── Input data ──
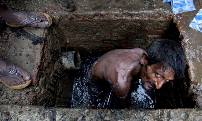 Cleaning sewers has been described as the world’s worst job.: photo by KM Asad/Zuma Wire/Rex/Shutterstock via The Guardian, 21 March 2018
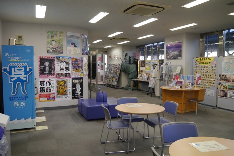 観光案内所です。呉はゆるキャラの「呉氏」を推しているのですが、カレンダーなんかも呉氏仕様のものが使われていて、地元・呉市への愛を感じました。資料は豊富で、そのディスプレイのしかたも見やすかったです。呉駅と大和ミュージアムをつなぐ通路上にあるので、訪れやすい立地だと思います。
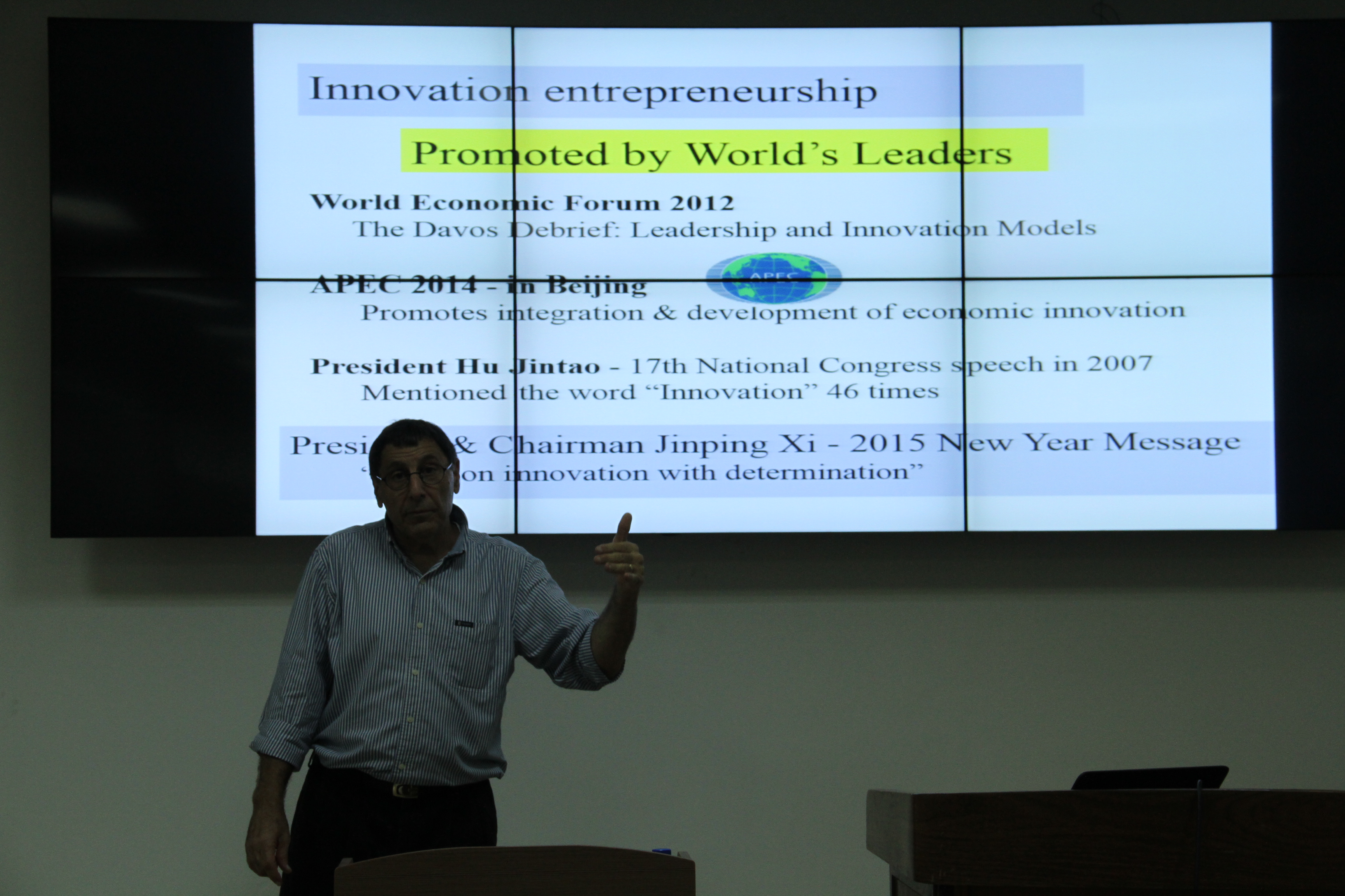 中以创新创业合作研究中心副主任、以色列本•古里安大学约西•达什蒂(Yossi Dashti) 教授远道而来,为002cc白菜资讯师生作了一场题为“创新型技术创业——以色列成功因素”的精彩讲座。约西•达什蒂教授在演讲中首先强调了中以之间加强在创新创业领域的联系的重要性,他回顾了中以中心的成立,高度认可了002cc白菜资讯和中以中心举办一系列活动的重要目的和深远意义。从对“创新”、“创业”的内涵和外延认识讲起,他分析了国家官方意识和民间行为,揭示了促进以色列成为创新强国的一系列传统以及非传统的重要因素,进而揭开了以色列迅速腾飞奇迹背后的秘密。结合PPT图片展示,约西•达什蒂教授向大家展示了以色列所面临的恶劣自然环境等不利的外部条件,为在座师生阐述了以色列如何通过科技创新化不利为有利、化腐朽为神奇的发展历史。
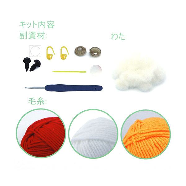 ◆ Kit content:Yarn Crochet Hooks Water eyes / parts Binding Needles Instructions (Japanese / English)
───
▶ **What this task involves**:
All the lines above should be reproduced exactly, and none of the pictures.

▶ **Response to the task**:
 Cleaning sewers has been described as the world’s worst job.: photo by KM Asad/Zuma Wire/Rex/Shutterstock via The Guardian, 21 March 2018
 観光案内所です。呉はゆるキャラの「呉氏」を推しているのですが、カレンダーなんかも呉氏仕様のものが使われていて、地元・呉市への愛を感じました。資料は豊富で、そのディスプレイのしかたも見やすかったです。呉駅と大和ミュージアムをつなぐ通路上にあるので、訪れやすい立地だと思います。
 中以创新创业合作研究中心副主任、以色列本•古里安大学约西•达什蒂(Yossi Dashti) 教授远道而来,为002cc白菜资讯师生作了一场题为“创新型技术创业——以色列成功因素”的精彩讲座。约西•达什蒂教授在演讲中首先强调了中以之间加强在创新创业领域的联系的重要性,他回顾了中以中心的成立,高度认可了002cc白菜资讯和中以中心举办一系列活动的重要目的和深远意义。从对“创新”、“创业”的内涵和外延认识讲起,他分析了国家官方意识和民间行为,揭示了促进以色列成为创新强国的一系列传统以及非传统的重要因素,进而揭开了以色列迅速腾飞奇迹背后的秘密。结合PPT图片展示,约西•达什蒂教授向大家展示了以色列所面临的恶劣自然环境等不利的外部条件,为在座师生阐述了以色列如何通过科技创新化不利为有利、化腐朽为神奇的发展历史。
 ◆ Kit content:Yarn Crochet Hooks Water eyes / parts Binding Needles Instructions (Japanese / English)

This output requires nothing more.